The patch isn't really going to work without a caller of your new
__blk_mq_complete_request helper, is it?

Either way the concept of doing error handling without quiescing the
queue just looks bogus to me and will end up with some sort of race
here or there.
Bart Van Assche June 13, 2018, 2:08 p.m. UTC | #3
On Wed, 2018-06-13 at 16:04 +0200, hch@lst.de wrote:
> > I suspect this is due to we could expire a same request twice or even more.

> > For scsi mid-layer, it return BLK_EH_DONE from .timeout, in fact, the request is not

> > completed there, but just queue a delayed abort_work (HZ/100). If the blk_mq_timeout_work

> > runs again before the abort_work, the request will be timed out again, because there is not

> > any mark on it to identify this request has been timed out.

> > 

> > Would please try the patch attached on to see whether this issue could be fixed ?

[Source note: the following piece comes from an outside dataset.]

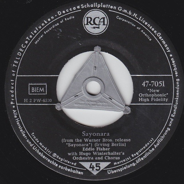 Eddie Fisher, Hugo Winterhalter’s Orchestra And Chorus – Sayonara (1957) – Very Good Plus (VG+)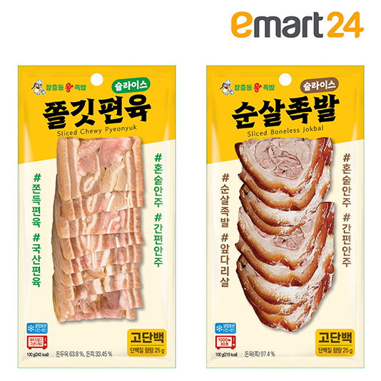 이마트24가 편육/족발 전문업체 ‘장충동왕족발’과 손잡고 소용량 ‘슬라이스쫄깃편육’과 ‘슬라이스순살족발’을 선보인다.

> > (this patch only works for scsi device currently)

> 

> The patch isn't really going to work without a caller of your new

> __blk_mq_complete_request helper, is it?

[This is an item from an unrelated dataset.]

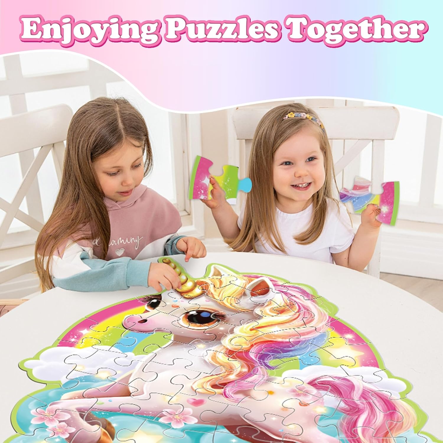 【Ideal Gift for Girls】Exquisite gift box packaging, convenient to carry and store. Perfectly designed gift for girls aged 3-8, this Jigsaw Puzzles combines fun and learning in one magical package. Ideal for birthdays, holidays, or just because, this unicorn puzzle makes a wonderful gift for any young girl who loves unicorns and puzzles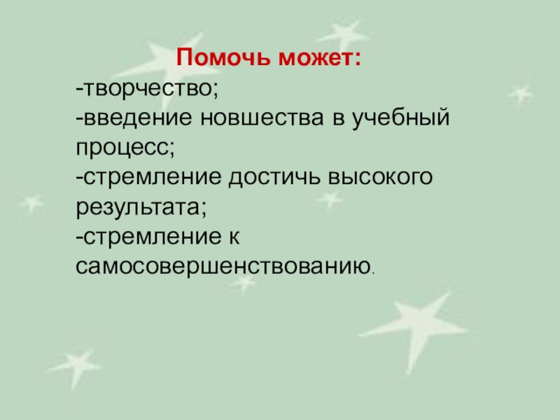 Помочь может:-творчество;-введение новшества в учебный процесс;-стремление достичь высокого результата;-стремление к самосовершенствованию.

__blk_mq_complete_request() is already called today by blk_mq_complete_request().
However, it's not clear to me why that function is exported by Jianchao's patch.

> Either way the concept of doing error handling without quiescing the

> queue just looks bogus to me and will end up with some sort of race

> here or there.


The SCSI error handler already waits until all pending requests have finished
before it starts handling timed out commands. This e-mail thread started with a
report of a crash in the SCSI error handler, which is a regression introduced in
the v4.18 merge window.

Bart.
jianchao.wang June 14, 2018, 3:12 a.m. UTC | #4
Hi Christoph and Bart

On 06/13/2018 10:08 PM, Bart Van Assche wrote:
> On Wed, 2018-06-13 at 16:04 +0200, hch@lst.de wrote:
>>> I suspect this is due to we could expire a same request twice or even more.
>>> For scsi mid-layer, it return BLK_EH_DONE from .timeout, in fact, the request is not
>>> completed there, but just queue a delayed abort_work (HZ/100). If the blk_mq_timeout_work
>>> runs again before the abort_work, the request will be timed out again, because there is not
>>> any mark on it to identify this request has been timed out.
>>>
>>> Would please try the patch attached on to see whether this issue could be fixed ?
>>> (this patch only works for scsi device currently)
>>
>> The patch isn't really going to work without a caller of your new
>> __blk_mq_complete_request helper, is it?> 
> __blk_mq_complete_request() is already called today by blk_mq_complete_request().
> However, it's not clear to me why that function is exported by Jianchao's patch.
> 

Sorry for the confusion about this path.

In the current blk-mq timeout mechanism of 4.18, the reference count of request only ensure the request tag
will not be release during the timeout handing, this is a great idea to fix the life recycle issue.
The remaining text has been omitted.